Using Young’s inequality with \(\epsilon \) (valid for \(\epsilon >0\)) and stated by \(ab\le \dfrac{a^2}{2\epsilon }+\dfrac{\epsilon b^2}{2}\), we get:

$$\begin{aligned} {\mathcal {J}}(u,v) \ge \left( \dfrac{\mu +2}{4}-\dfrac{1}{2\epsilon }\right) \,\displaystyle {\sum _{l=1}^{L}}\,\Vert u^l\Vert ^2-\dfrac{\mu }{2}\,\displaystyle {\sum _{l=1}^{L}}\,\Vert s^l(\theta )+w^l\Vert ^2\\ +\left( \dfrac{1}{2}-\dfrac{\epsilon }{2}\right) \,\displaystyle {\sum _{l=1}^{L}}\,\Vert v^l\Vert ^2, \end{aligned}$$

or equivalently,

$$\begin{aligned} {\mathcal {J}}(u,v) \ge \left( \dfrac{\mu +2}{4}-\dfrac{1}{2\epsilon }\right) \,\Vert u\Vert ^2-\dfrac{\mu }{2}\,\Vert s(\theta )+w\Vert ^2\\ +\left( \dfrac{1}{2}-\dfrac{\epsilon }{2}\right) \,\Vert v\Vert ^2. \end{aligned}$$

(To lighten the notations, when there is no ambiguity about the dimension of the mathematical objects we handle, we omit the lower index making this dimension explicit in the definition of the Euclidean norm as well as on the related scalar product.)

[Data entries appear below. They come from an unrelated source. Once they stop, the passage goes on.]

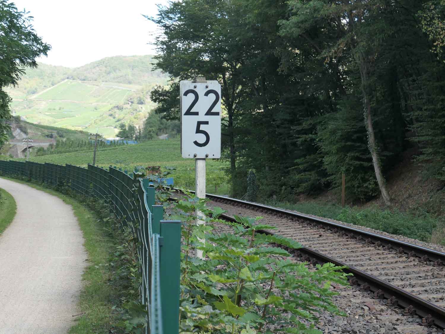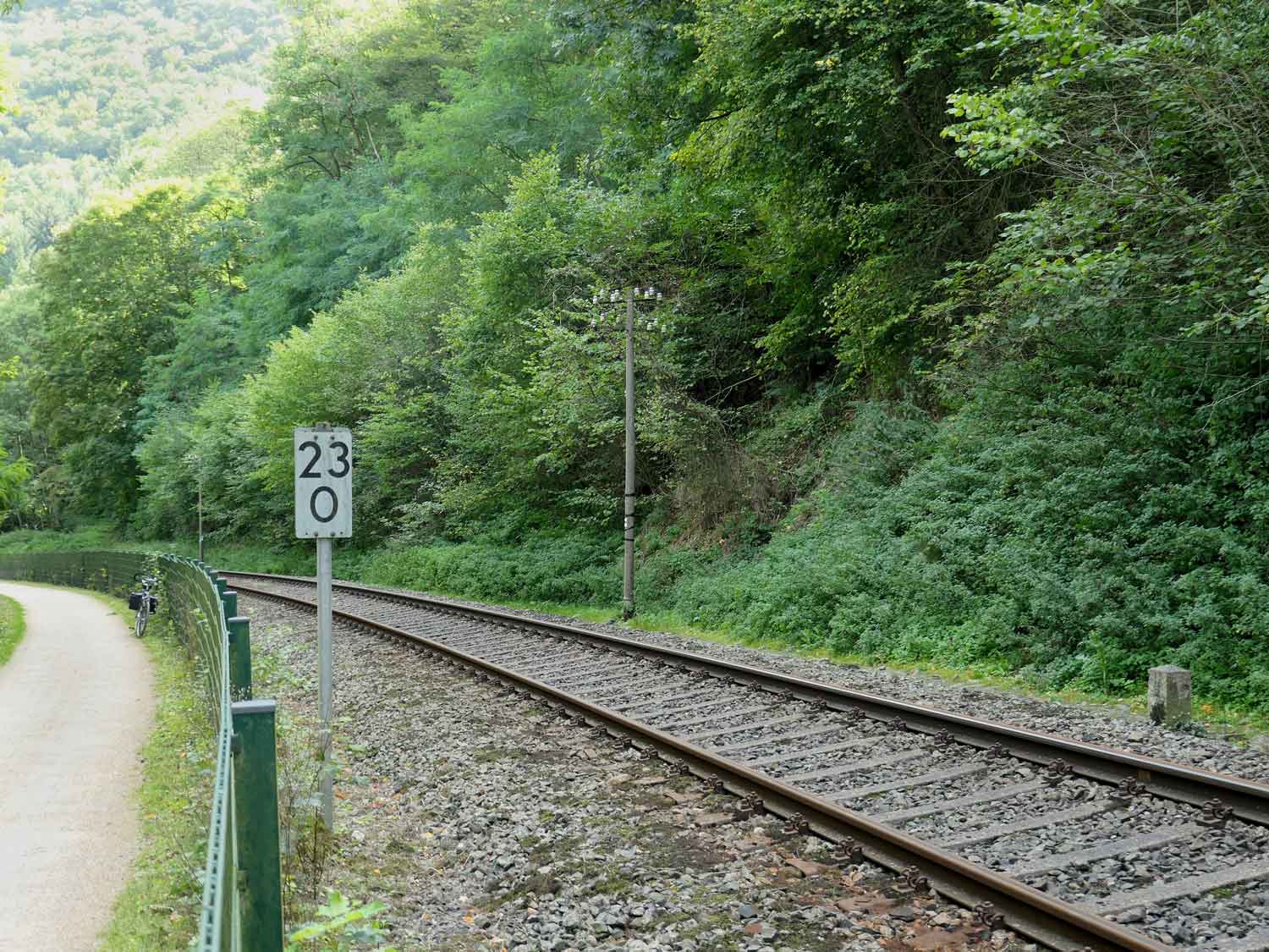 km 28,5 (Tafel) und km 28,6 (Stein) zwischen Kreuzberg und Ahrbrück - Blick Richtung Remagen
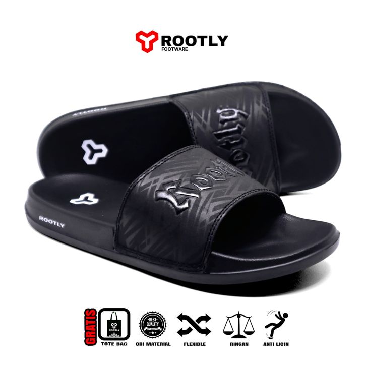 Rootly - Sandal Slipper Pria Slide On Full Black Anti Slip
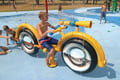 Kids can press the optional integral activator button to cause streams of water to spray from the “fenders” while mist sprays from the “tailpipes”. A mechanical horn is mounted on the front fender.Features
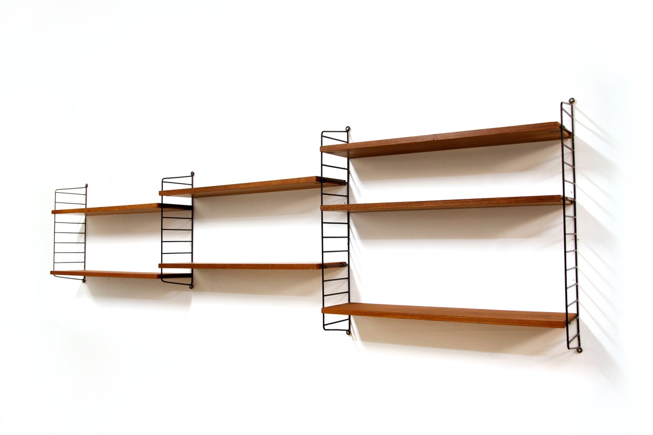 Omschrijving: Mooi String wandrek van Nisse Strinning. Wat ooit zijn afstudeerproject was, is nu een gewild item in een modern interieur. De planken zijn uitgevoerd in gefineerd teak hout. De planken zijn 80 cm breed en 20 cm diep. Op de foto staat het rekje als een geheel afgebeeld. Het rek zou ook als twee losse rekjes opgehangen kunnen worden.
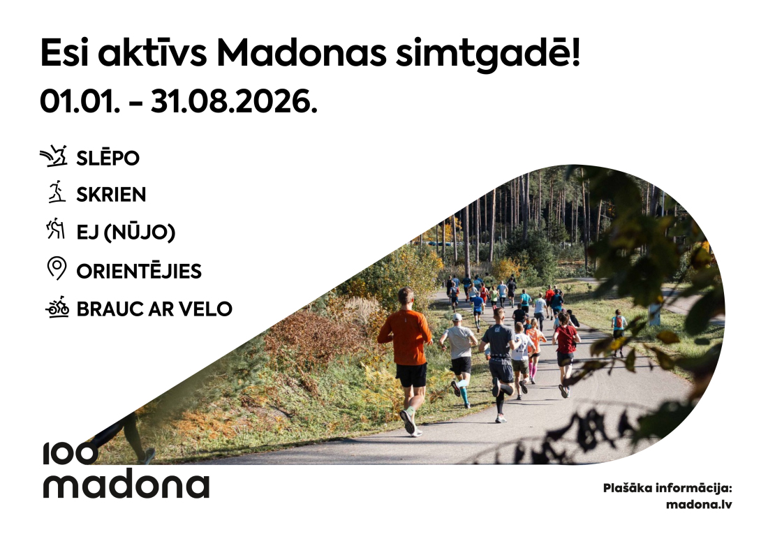 No 2026. gada 1. janvāra līdz 31. augustam Madonas novada pašvaldība aicina ikvienu – gan novada iedzīvotājus, gan ciemiņus – piedalīties kopīgā kustību izaicinājumā “Esi aktīvs Madonas simtgadē!”. Tā ir iespēja apvienot rūpes par veselību ar dalību Madonas simtgades notikumos – krājot savus kilometrus pastaigās, skrienot, slēpojot, braucot ar velosipēdu un meklējot orientēšanās kontrolpunktus.
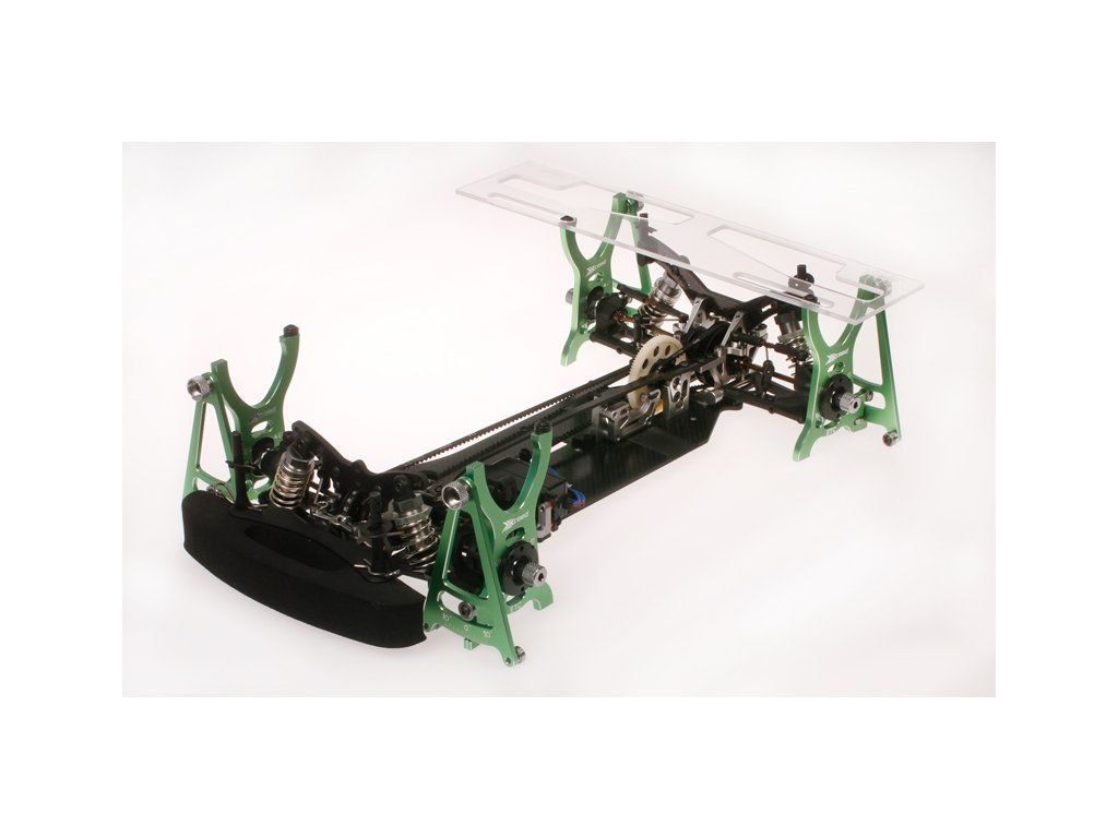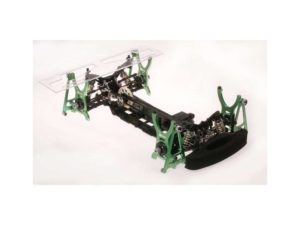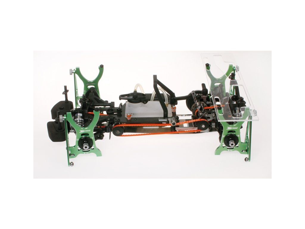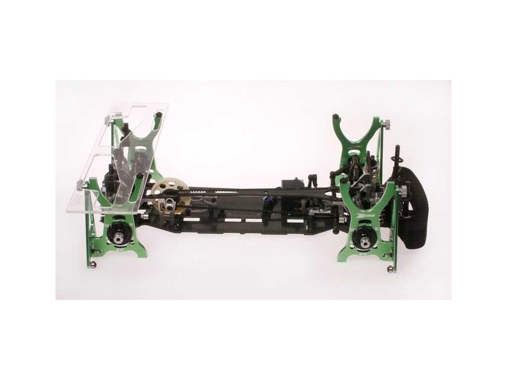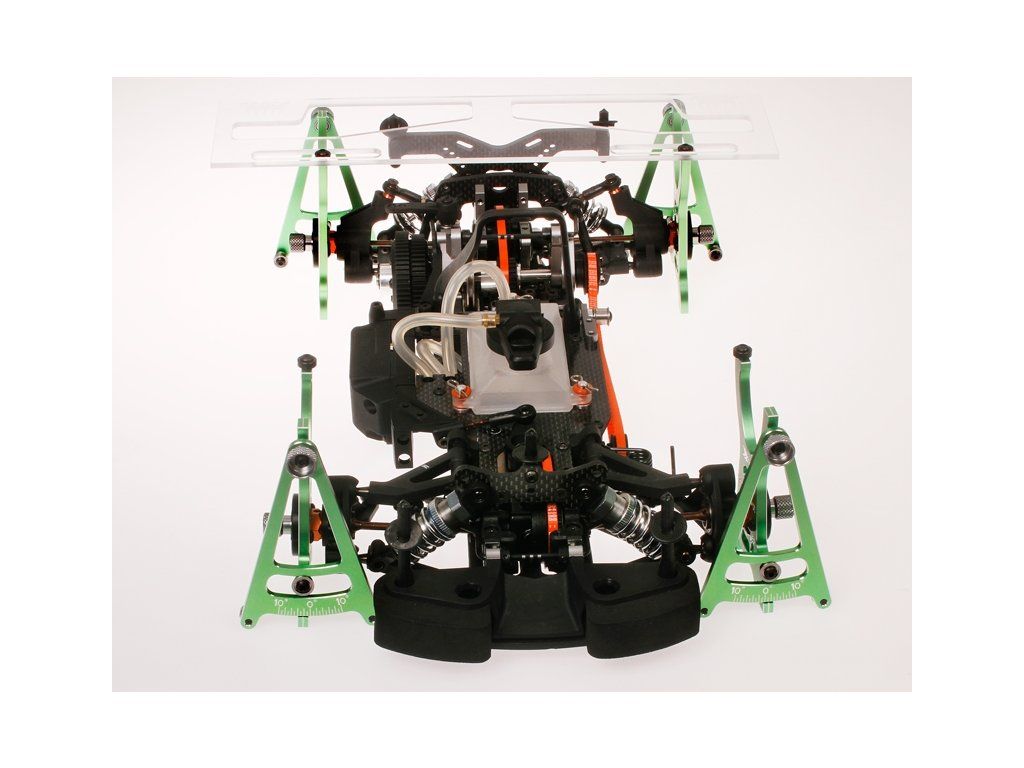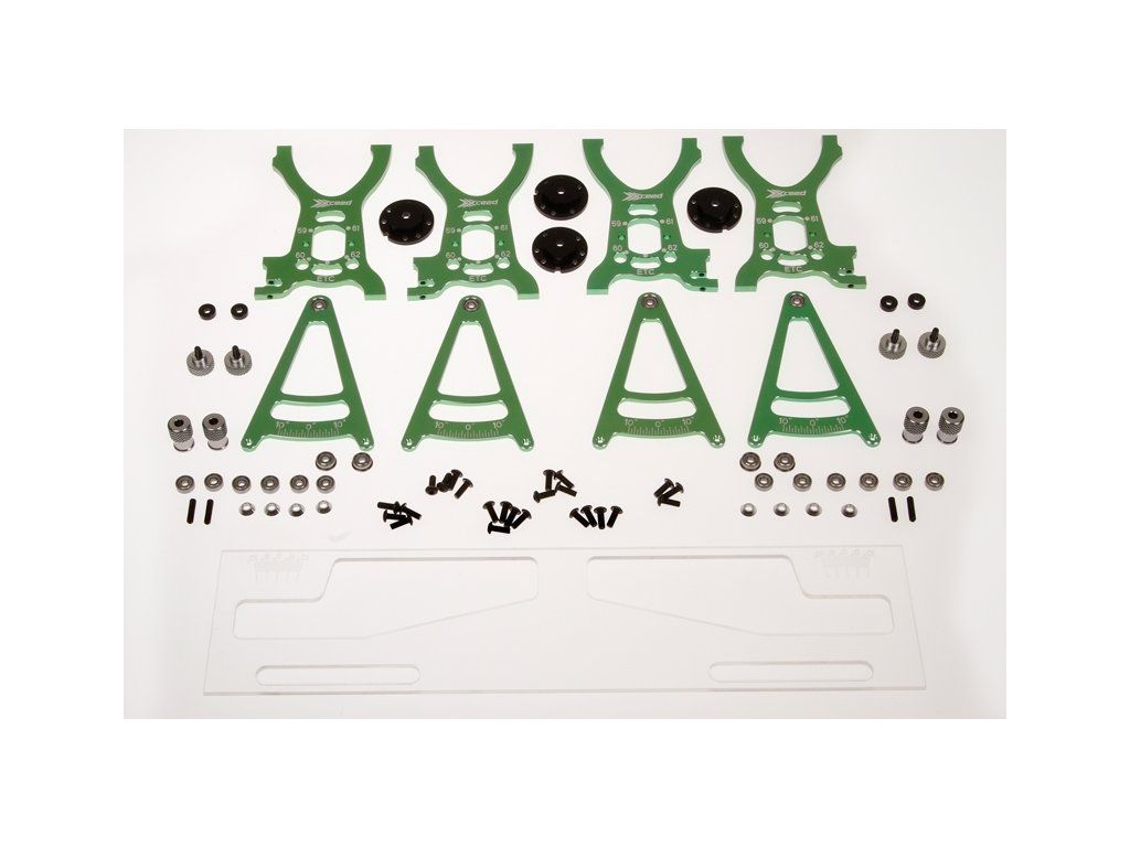 Systém nastavení pro RC aut v měřítku 1/10. Zahrnuje - Přesně opracované hliníkové držáky ve studené zelené eloxaci - Vroubkované matice pro snadnou a rychlou montáž kol - Vysoce kvalitní spojovací prvky - Obráběné nylonové výstředníky pro průměr pneumatiky - Plně uložené v kuličkových ložiskách - Přesné gravírování a značení - Polykarbonátová horní deska - Praktický úložný vak

Taking \(\epsilon \) such that \(\dfrac{2}{\mu +2}<\epsilon <1\) yields the desired result.

To conclude, functional \({\mathcal {J}}\) is strictly convex, due to the strict convexity of functional \({\mathcal {H}}\) defined by \({\mathcal {H}}(u,v)=\dfrac{\mu }{2}\,\Vert u-s(\theta )-w\Vert ^2+\dfrac{1}{2}\,\Vert u-v\Vert ^2\), u denoting the concatenation of the \(u^l\)’s, similarly for \(s(\theta ), w\) and v. A straightforward computation gives that \(\forall (u_1,v_1)\in {\mathcal {C}}_1 \times {\mathcal {C}}_2\), \(\forall (u_2,v_2)\in {\mathcal {C}}_1 \times {\mathcal {C}}_2\),

$$\begin{aligned} \langle \nabla {\mathcal {H}}(u_1,v_1)-&\nabla {\mathcal {H}}(u_2,v_2),\begin{pmatrix}u_1-u_2\\ v_1-v_2 \end{pmatrix}\rangle \\&=\mu \,\Vert u_1-u_2\Vert ^2+\Vert (u_1-u_2)-(v_1-v_2)\Vert ^2, \end{aligned}$$

this quantity vanishing if and only if \(u_1=u_2\) and \(v_1=v_2\).

Proof of Theorem 3

For every \(p\in {\mathcal {B}}, (u,v) \mapsto {\mathcal {L}}(u,v,p)\) is strictly convex, owing to the strict convexity of functional \({\mathcal {H}}\). For each \(p\in {\mathcal {B}}\), functional \((u,v) \mapsto {\mathcal {L}}(u,v,p)\) is continuous and coercive. To establish such a coercivity inequality, denoting by \(\kappa =\Vert {\text{ div }}\Vert =\displaystyle {\sup _{\Vert p\Vert _{Y^L} \le 1}}\,\Vert {\text{ div }}\,p\Vert _{X^L}\), we first observe that with the convention \((p^1)^1_{0,j}=(p^1)^1_{N,j}=(p^1)^2_{i,0}=(p^1)^2_{i,N}=0\) (similarly for \(p^l\) with \(l\in \left\{ 2,\cdots ,L\right\} \)) and by applying twice the inequality \((a+b)^2\le 2(a^2+b^2)\),

$$\begin{aligned} \Vert {\text{ div }}\,p\Vert _{X^L}^2\le 8\,\Vert p\Vert ^2. \end{aligned}$$

Thus \(\kappa \le 2\sqrt{2}\) and with suitable \(\epsilon \),

$$\begin{aligned} {\mathcal {L}}(u,v,p)\ge&\left( \dfrac{\mu +2}{4}-\dfrac{1}{2\epsilon }\right) \,\Vert u\Vert ^2-\dfrac{\mu }{2}\,\Vert s(\theta )+w\Vert ^2\\&+\left( \dfrac{1}{2}-\dfrac{\epsilon }{2}\right) \,\Vert v\Vert ^2-\Vert {\text{ div }}\Vert \Vert p\Vert \Vert u\Vert ,\\ \ge&\left( \dfrac{\mu +2}{4}-\dfrac{1}{2\epsilon }\right) \,\Vert u\Vert ^2-\dfrac{\mu }{2}\,\Vert s(\theta )+w\Vert ^2\\&+\left( \dfrac{1}{2}-\dfrac{\epsilon }{2}\right) \,\Vert v\Vert ^2-2\sqrt{2L}N\Vert u\Vert , \end{aligned}$$

since \(p\in {\mathcal {B}}\), entailing that \(\Vert p\Vert _{Y^L}^2\le LN^2\).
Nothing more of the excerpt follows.